The seven-year loan, which is expected to close this week, comes in conjunction with a recapitalization of the 1.1 million-square-foot property, known as the World Apparel Center. Fund shop Blackstone is selling its 49.9% interest to Ivanhoe Cambridge, the real estate unit of Canadian pension-fund advisor Caisse de Depot et Placement du Quebec. Swig Co. of San Francisco is retaining the majority interest.
Ivanhoe’s purchase values the building at $735 million. That puts the loan-to-value ratio at a skimpy 51%. Eastdil Secured brokered the mortgage for Swig and Ivanhoe. Deka and HSBC each committed to fund half of the loan, a portion of which could be syndicated.
A little more than half of the proceeds will go toward retiring the existing $203.5 million fixed-rate mortgage. That 10-year loan, which had an original balance of $219 million, was written in 2004 by the team of Morgan Stanley, Lehman Brothers and J.P. Morgan. The lenders carved up and securitized the 5.5% loan via four deals (J.P. Morgan Chase Commercial Mortgage Securities Corp., 2004-LN2; Morgan Stanley Capital I Trust, 2004-IQ8; Bear Stearns Commercial Mortgage Securities Trust, 2004-PWR5; and LB-UBS Commercial Mortgage Trust, 2004-C7).
The 40-story tower sits on the block bounded by Broadway, Seventh Avenue, West 39th Street and West 40th Street. It was 89.4% leased as of August, according to CoStar. Many tenants are connected to the fashion industry, including Jones New York (356,000 sf through 2025), Danskin and Levi Strauss. Also, J.P. Morgan leases 120,000 sf.

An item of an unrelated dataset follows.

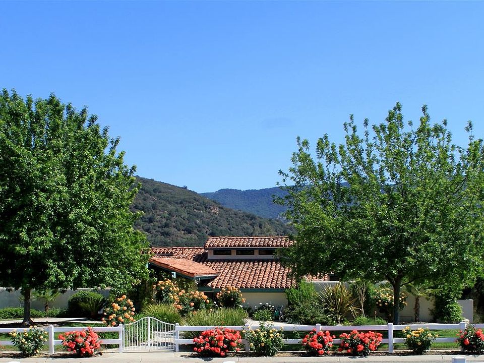 Resort-like living in prestigious Persimmon Hill. Backs to federally protected San Antonio Creek. Beautifully landscaped nearly 4 acre horse property, w/meandering paths throughout the grounds. Nature abounds, with regular sightings of deer, coyote, bobcat & 117 bird species recorded in the last 10 years, yet it is less than 5 minutes from downtown Ojai. Entertainer's delight w/pool,spa&large brick patio with fabulous views. See the Pink Moment. Unique architectural features with 17ft vaulted ceilings, arched doorways, clerestory windows & cutouts. Terra cotta mission tile floors throughout. 8 year old tile roof. Newer 5 zone furnace and central a/c. Loft now used as den/office but could easily become a 4th bdrm. Huge approx 300sqft finished storage rm off loft not included in sqft. 4 stall barn w/runs leads to 2 acre field w/riding ring and separate grazing areas. Also has tack room and tool shed in barn area. Fully fenced - dog&horse proof. This one has it all.

Swig developed the building in 1970 through a partnership with the Weiler family of New York. In 1997, Trizec Properties acquired the family’s interest. New York-based Blackstone assumed Trizec’s stake in 2006 through its $7.2 billion takeover of the Chicago REIT.
The building was 98% occupied when the current loan was originated in 2004, but its performance slipped during the downturn. Net operating income had fallen to $17.9 million in 2010, from $31.8 million in 2004. However, income rebounded to $23.3 million last year.